30 Lessons at 30
I’m 30!
It’s official! I am no longer in my 20’s and have officially entered my 30’s. Looking back, all I remember hearing about people’s 30th birthday was that they dreaded it. There was this theme growing up, that no one liked aging. As I was inching my way closer to 30, I continuously had this sense of excitement. Something I hadn’t seen portrayed very often.
Your 20’s are complex and complicated. You’re thrust out of childhood and tossed right into adulthood with no real idea of what to do. Looking back at the last 10 years I was really trying to figure it out. Going to school, graduating, getting a job, then switching jobs, then switching jobs again. Officially moving out, and then moving again and then again. Meeting new friends and loosing friends. When life felt so constant for so long, you enter your 20’s and nothing is ever the same. I had to learn that who I was at 18, 19, 20 or 21 wasn’t who I was going to be forever, even though I felt like an absolute at that point. Life is going to happen while your making plans and look completely different from what you could ever dream up. Its a wild and messy journey, but one that needs to happen so you land with two feet on the ground when you get to 30.

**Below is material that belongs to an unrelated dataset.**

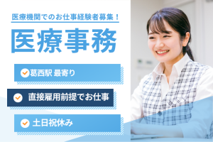 【葛西駅徒歩3分】未経験からはじめる医療事務*資格を活かして活躍!週休2日・年休120日以上で私生活も充実

I wanted to compile everything I’ve learned over the course of this last decade and share the little nuggets of wisdom I’ve accumulated along the way. 30 lessons for 30 years! If there’s a lesson that you learned that impacted your life in a BIG way that isn’t listed here, comment below and add to the list!
30 Lessons for 30 Years
- You cannot control other people, but you can control you’re reaction
- You’re the creator of your reality
- Healthy isn’t only about what food you put in your body, it’s an all encompassing lifestyle that supports your mind, body, spirit and your relationships
- I am not anxiety, I just experience the feelings of anxiety
- “Staying vulnerable is a risk we have to take if we want to experience connection” – Brené Brown
- Anger is fear masked – Brene Brown
- The building of true & beautiful means the destruction of good enough. Rebirth means death. – Glennon doyle
- Sometime friends are only there for a certain season, then it’s time to let them go.

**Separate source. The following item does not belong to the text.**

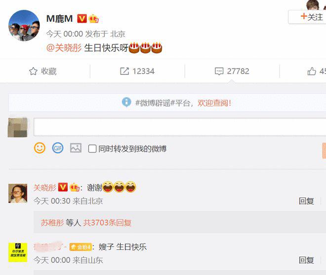 网易娱乐 9 月 17 日报道 9 月 17 日是关晓彤的生日,鹿晗零点卡点发博为关晓彤庆生。随后,关晓彤在评论区回复 " 谢谢 "。网友们更是将 " 嫂子,生日快乐 " 的评论顶上了热评,位置仅在关晓彤之下。

- If you’re feeling frustrated towards someone because you feel like you’re giving them more than your receiving, it’s probably a sign your need to realign your own boundaries
- Boundaries are love. They are the blueprint on how to be in relation with you
- You don’t need someone else to validate your feelings or experience.
- Having expectations of others, only leads to feelings of disappointment.
- Change always comes with a period of mourning what once was
- Change will always feel uncomfortable
- It doesn’t matter how you’re related to a person, if they’re not good for you, you’re allowed to let them go.
- We all have trauma & trauma is relative to our own lives and experiences
- It’s our personal responsibility to work through & heal our trauma
- Another person expressing how they feel, does not take away from how you feel
- You know your body best. Never give up on how you feel just because someone (ie. a doctor) isn’t listening or doesn’t believe you. You have to advocate for your own health.
- No one knows what they’re doing in this life. We’re all just winging it pretending that we do
- When you let go, things fall into place
- There is only the present moment
- When you’re overwhelmed or unsure on how to proceed, just start with the next right thing. Just focus on the small step in front of you not the whole journey.
- Experiencing gratitude is one of the most impactful differences you can make for your life.
- Life is a journey to be experienced not to be solved – Winnie the Pooh
- It’s not the load that weighs you down, it’s how you carry it – C.S. Lewis
- Trust your gut.
- Always keep an open mind
- Invest in yourself
- Arguments aren’t about who’s right or wrong, they’re about the need to be heard and to listen
2+ Bonus
- Over prepare then go with the flow – Regina Brett
- No one can read your mind, just say what you need to say.